◆ HOW TO COMPLETE THIS TASK
Send back the line that contains "Pat tapitat cu" and all lines following it through the end of the data below, exactly, omitting pictures.

◆ GIVEN INFORMATION
--------------------

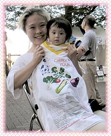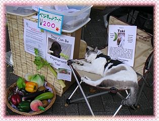 这次我们摊位的成员中最引人注目的,就是一对同修夫妇所救养的素食猫TOKI,TOKI的毛质光润,体态丰满,性情温和,散发出祥和的气氛,人们不由自主地轻轻摸摸它、抱抱它,那正是一幅人与动物和谐相处的理想画面。 此次参展团体之一“素食药膳坊”(VEGAN HEALING CAFE)的经营者折原昭博(Orihara Akihiro)先生,他同时也是一位有20年经验的赛车手及完全素食主义者,还是日本反皮草团体的代言人。他在此次活动中发言:“由于我选择了素食,使得体力、集中力、持久力都有很大的提升,素食对我的赛车事业帮助很大。为了消除类似‘素食者只吃蔬菜,会不会体力不够?’这样的误解,促使我参加此次活动。我向大家推荐素食,那是迈向胜利的选择。”他所经营的素食店是同修经常光顾的地方,我们也放置“您也可以选择这样的生活”传单在他的店里,供客人自由索取。
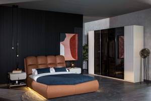 Pat tapitat cu lada pentru depozitare (160x200cm) si Led VOLARE
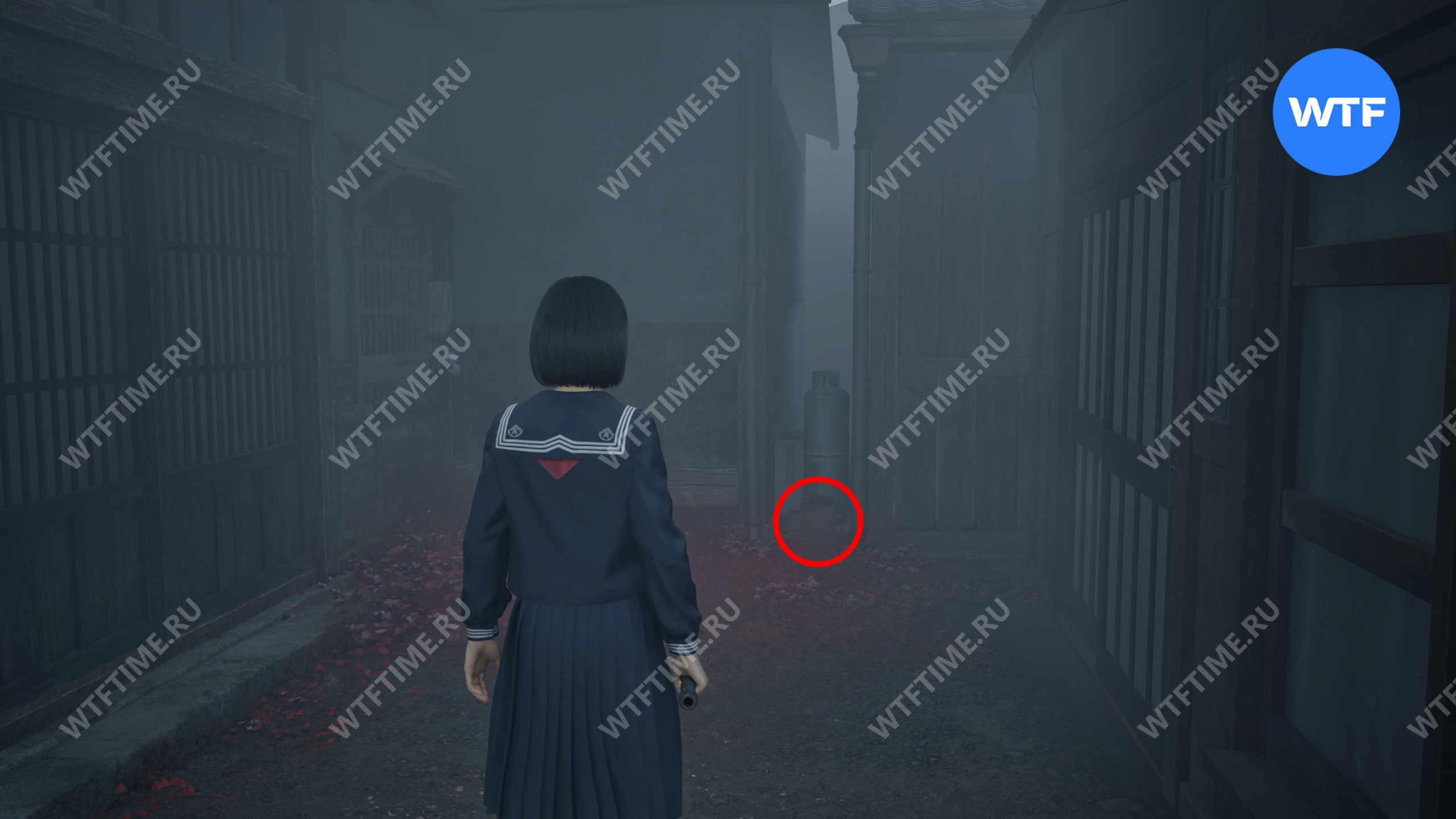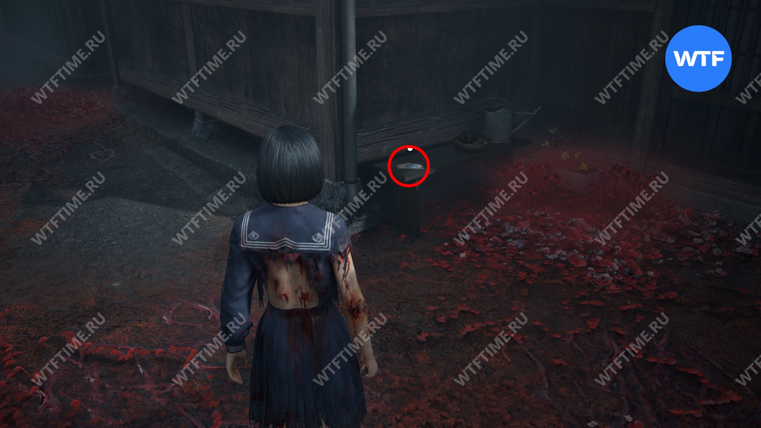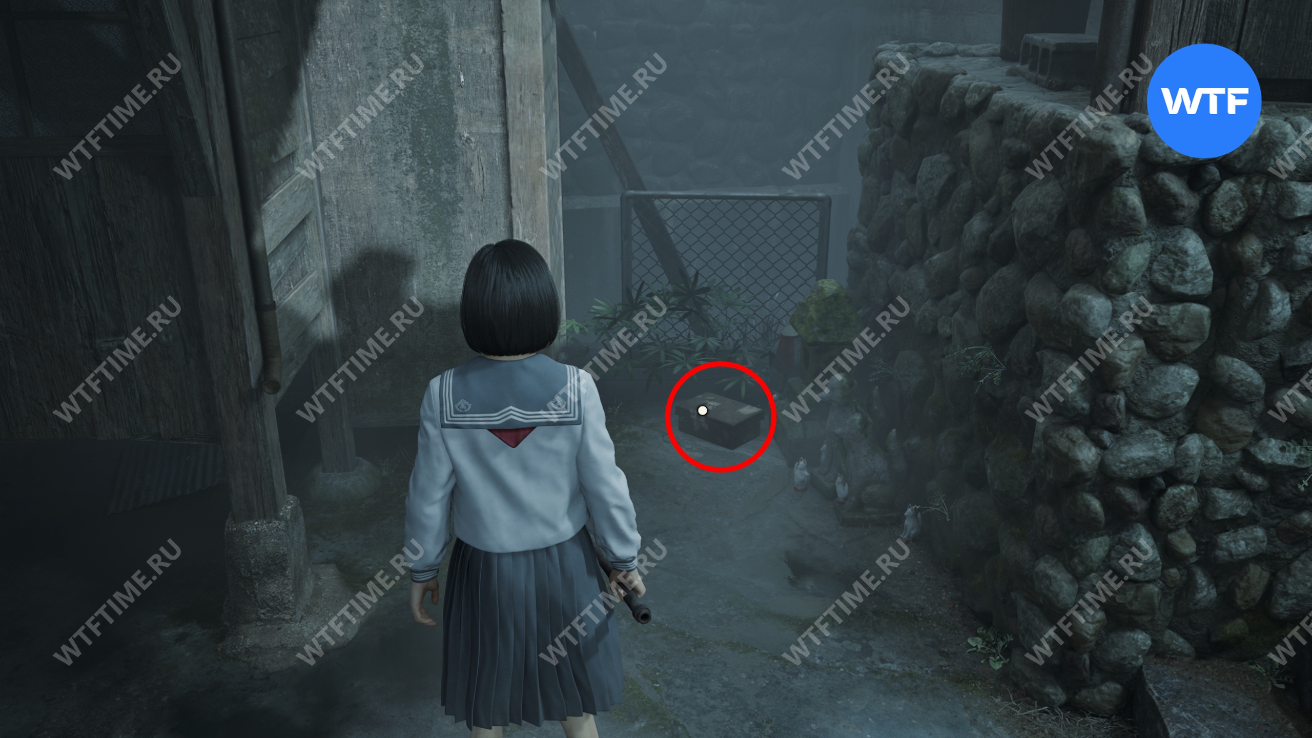 После того как вы пройдете через парк с детскими качелями, где запустится воспоминание Хинако, идите налево и загляните во двор дома справа, обнесенный забором. Там на земле стоит коробка Инари-сама, внутри которой лежит Дневник мести и дощечка эма.

--------------------

◆ WRITTEN SOLUTION
 Pat tapitat cu lada pentru depozitare (160x200cm) si Led VOLARE
 После того как вы пройдете через парк с детскими качелями, где запустится воспоминание Хинако, идите налево и загляните во двор дома справа, обнесенный забором. Там на земле стоит коробка Инари-сама, внутри которой лежит Дневник мести и дощечка эма.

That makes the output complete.